Soluble and Insoluble

The 2010 Dietary Guidelines for American recommends 25 to 38 g/day of fiber for women and men respectively. As important as is to have a diet rich in fiber, it is also good to include plenty of types.

Chapman explains that there are two types of fiber: soluble and insoluble.

“Soluble fibers help lower the risk of heart disease and diabetes, while insoluble fibers are important to promoting bowel movements and providing bulk for feeling full,” she says.

Soluble fiber appears in oats, bran, apple and potatoes, among others, while good sources of the insoluble fiber show up in nuts, whole-wheat flour and many vegetables, adds Chapman.

Researchers at Wake Forest Baptist Medical Center found that for every 10-gram increase in soluble fiber eaten per day, belly fat was reduced by 3.7 percent.

“Ten grams of soluble fiber can be achieved by eating two small apples, one cup of green peas and one-half cup of pinto beans,” said Kristen Hairston, M.D., assistant professor of internal medicine at Wake Forest Baptist and lead researcher on the study.

Worthless calories

On average, Americans are not meeting the fiber intake recommendations in spite of the added consumption of whole grain products.  Or even worse, they may increase the overall caloric intake by justifying the fiber need of adding whole grain products to their diets.

“We must educate consumers on how to find whole-grain foods that provide at least a good source of fiber. Likewise, adding fiber to foods typically eaten – with the addition of bran, germ, and other concentrated sources of fibers – may be an option to help meet the fiber recommendations without increasing the energy intake,” according to the authors of the Wake Forest study.

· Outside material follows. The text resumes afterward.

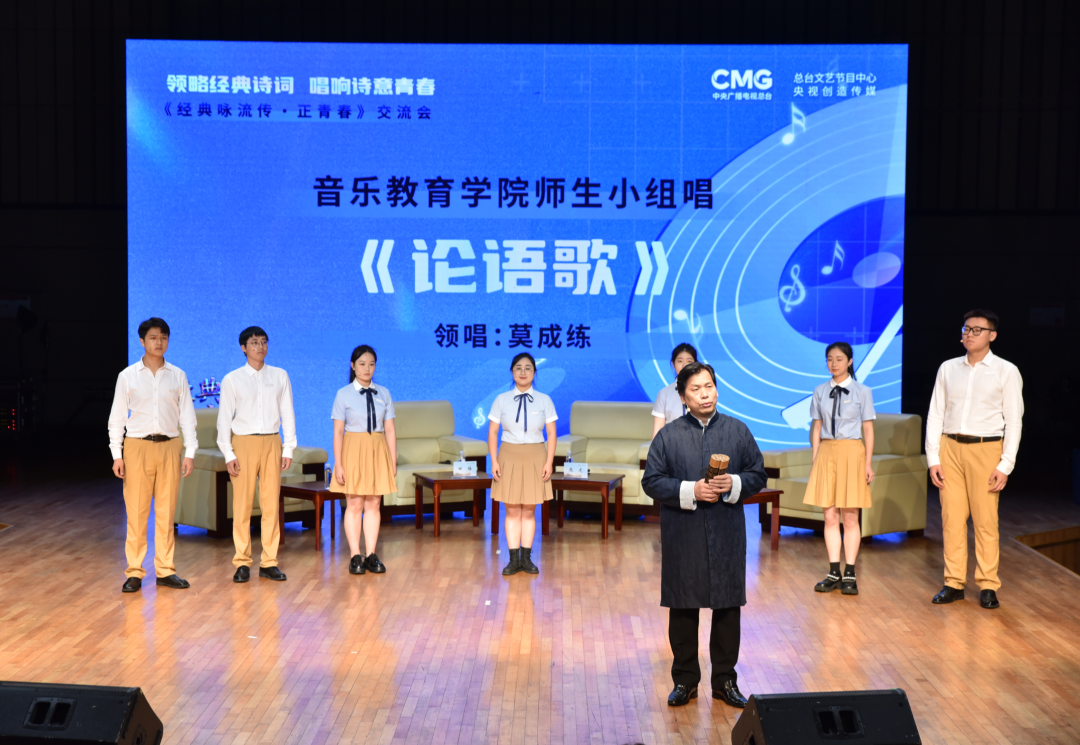 现场师生还共同观看了《经典咏流传·正青春》的节目宣传片和节目视频,与主创团队相互交流,音乐教育学院硕士生导师莫成练及学生们演唱了本校诗词改编歌曲《论语歌》,受到了主创团队的高度赞扬。

In a study published in the Journal of Nutrition, participants who consumed whole grain products experienced a greater reduction in the percentage of fat mass when compared to those consuming refined foods. Furthermore, refined-grain consumption increased serum total and LDL cholesterol, concludes the study.

But what type of whole grain foods did the participants eat? The study sheds some light on this matter. Oat and barely foods, rich in soluble Beta-glucans exhibit cholesterol-lowering properties, whereas wheat and rice most of them do not.

“It’s been suggested that durum wheat may be superior to common wheat with regards to lipid lowering properties and a large proportion of the whole grain consumed in the study was indeed durum,”  explains the study.

In another study, participants who ate approximately three daily servings of whole grains had significantly lower abdominal fat.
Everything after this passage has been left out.